Work instructions ▸ Begin with the line below holding "Четыре одинаковых груза" and go on through the line holding "太阳能板安装固定支架选择两款", duplicating each line exactly and leaving out pictures.

Excerpted data ▸

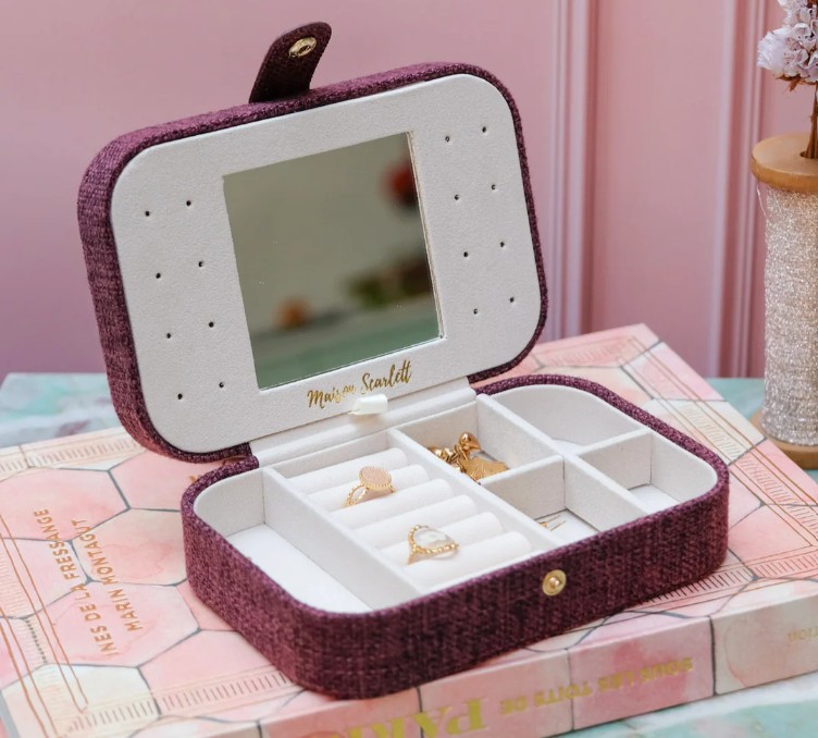Agrémentée d’un petit miroir , la « Brigitte » est idéal en idée cadeau !! A offrir en toutes circonstances , elle offre des emplacements suffisants pour l’emporter avec vous lors de vos séjours . Compacte et pratique , elle est aussi très esthétique !! Le revêtement intérieur est en velours très doux et un miroir vient compléter l’ensemble !
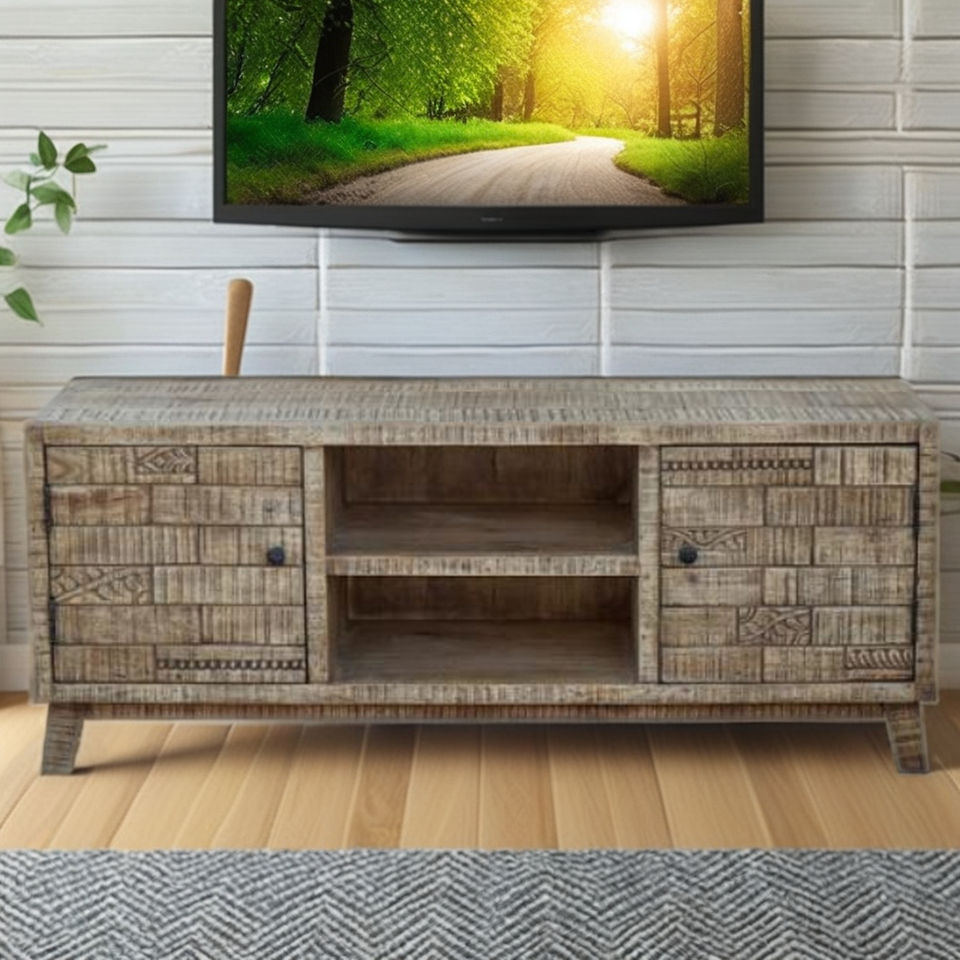 ตู้วางทีวีไม้โบราณแบบดั้งเดิม พร้อมที่เก็บของ ทำด้วยมือ เป็นมิตรกับสิ่งแวดล้อม ทนทาน เฟอร์นิเจอร์ห้องนั่งเล่น ดีไซน์ติดผนัง
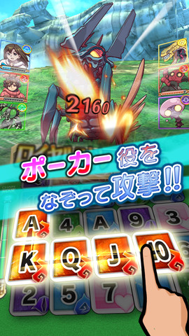 同アプリは“超攻撃型ポーカー”を武器に世界を冒険するポーカーパズルRPG。多くのカードの中から5枚並んだポーカーの役をなぞって消すことによりモンスターを倒して捕獲し、手に入れたモンスターは図鑑に集められる。モンスター同士を合成すれば進化して強化できる。
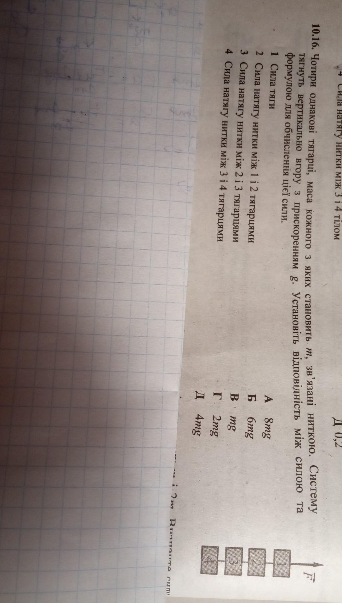 Четыре одинаковых груза маса каждый из которых m связаны нитью. Систему тащат вертикально вниз с ускорением g.
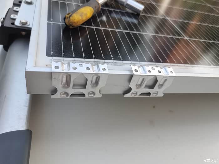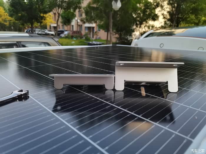 太阳能板安装固定支架选择两款高低不同的铝合金支架,前低后高一来吸收更强的太阳光 、二来后期清洗维护方便。
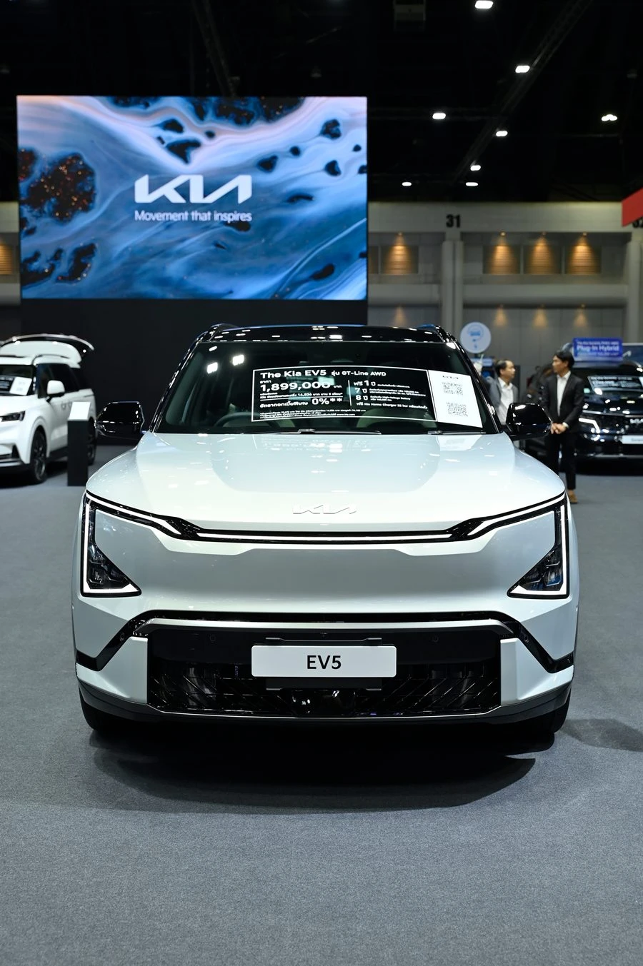 The Kia EV5 – SUV ขนาดกลางไฟฟ้า 100% – โดดเด่นด้วยการตกแต่งภายในที่กว้างขวาง ดีไซน์ทันสมัย ลักษณะการขับขี่แบบไดนามิก และความอเนกประสงค์เต็มรูปแบบ ตอบสนองทุกไลฟ์สไตล์ของครอบครัวยุคใหม่ได้อย่างสมบูรณ์แบบ มีให้เลือก 4 รุ่นย่อย ได้แก่ The Kia EV5 Air, The Kia EV5 Earth Long Range, The Kia EV5 Earth Exclusive AWD และ The Kia EV5 GT-Line AWD

Response to the task ▸
 Четыре одинаковых груза маса каждый из которых m связаны нитью. Систему тащат вертикально вниз с ускорением g.
 太阳能板安装固定支架选择两款高低不同的铝合金支架,前低后高一来吸收更强的太阳光 、二来后期清洗维护方便。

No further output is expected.